Figure 5. Importance Rating of Each Feature

Figure 5. Importance Rating of Each Feature

Discussion

The results indicate that participants are less willing to purchase a device if the packaging looks “cheap”. Although there were significant differences in the perceived weight and comfort of the devices, initially this did not create a significant difference in the likelihood to buy each device. After trying on the devices, participants believed they would be more likely to buy the more gender neutral, inconspicuous device (Fitbit or Garmin) over the more uncomfortable, “masculine,” device that presented the most difficulty while completing the tasks (Basis or Tom Tom). In addition, they would also be more likely to wear the device while exercising, during their daily routine, and while sleeping.

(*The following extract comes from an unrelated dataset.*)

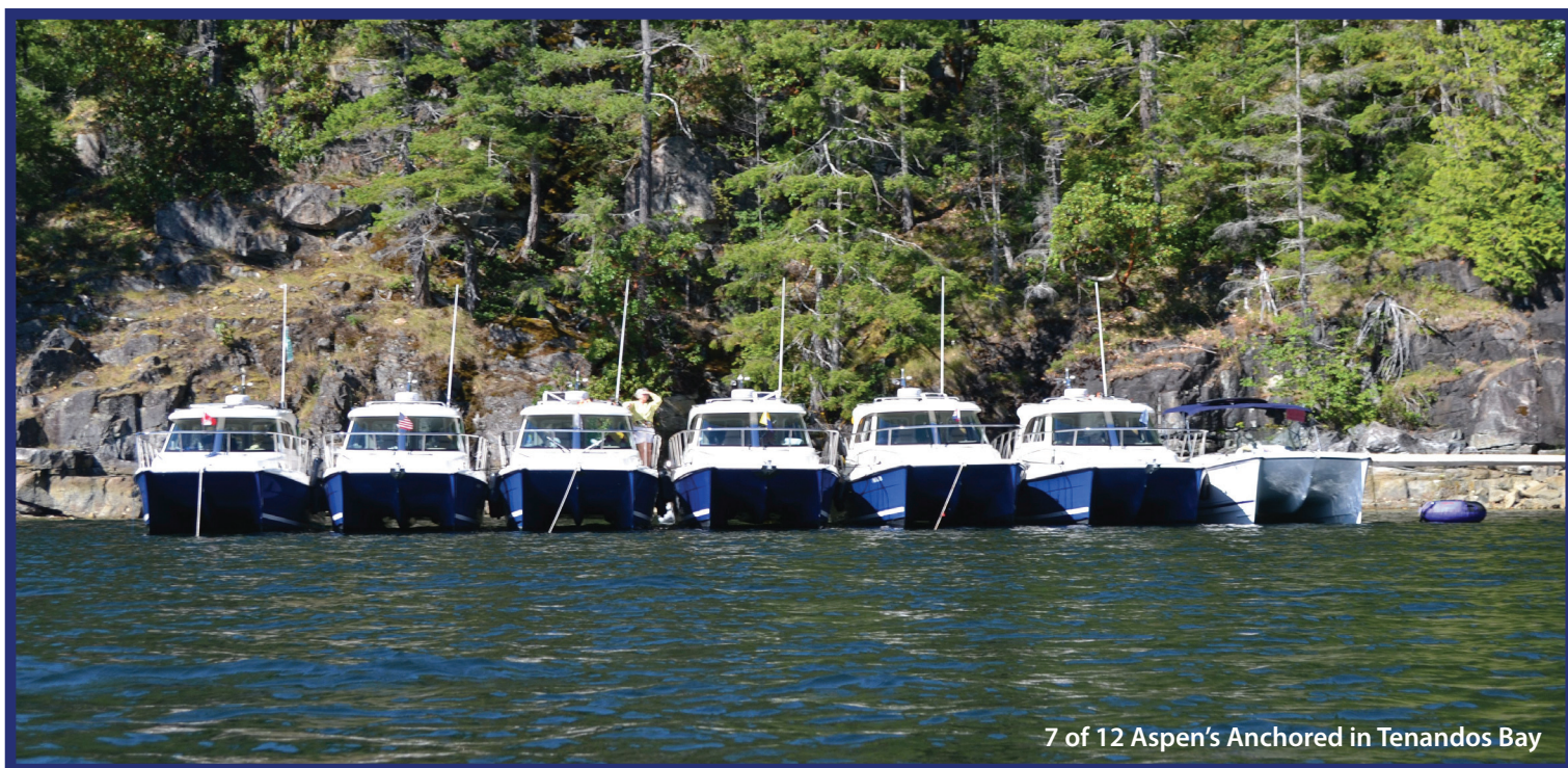
7 of 12 Aspen's Anchored in Tenandos Bay

The results imply that these particular individuals would be more drawn to devices that would not interrupt their daily lives or attract any outside attention. Although the participants frequently commented that the small, lightweight devices, particularly the Fitbit, would be easy to lose, this did not seem to affect the overall preference. In addition, the most frequent positive comment made about the heavier, bulky devices was the fact that they had a display.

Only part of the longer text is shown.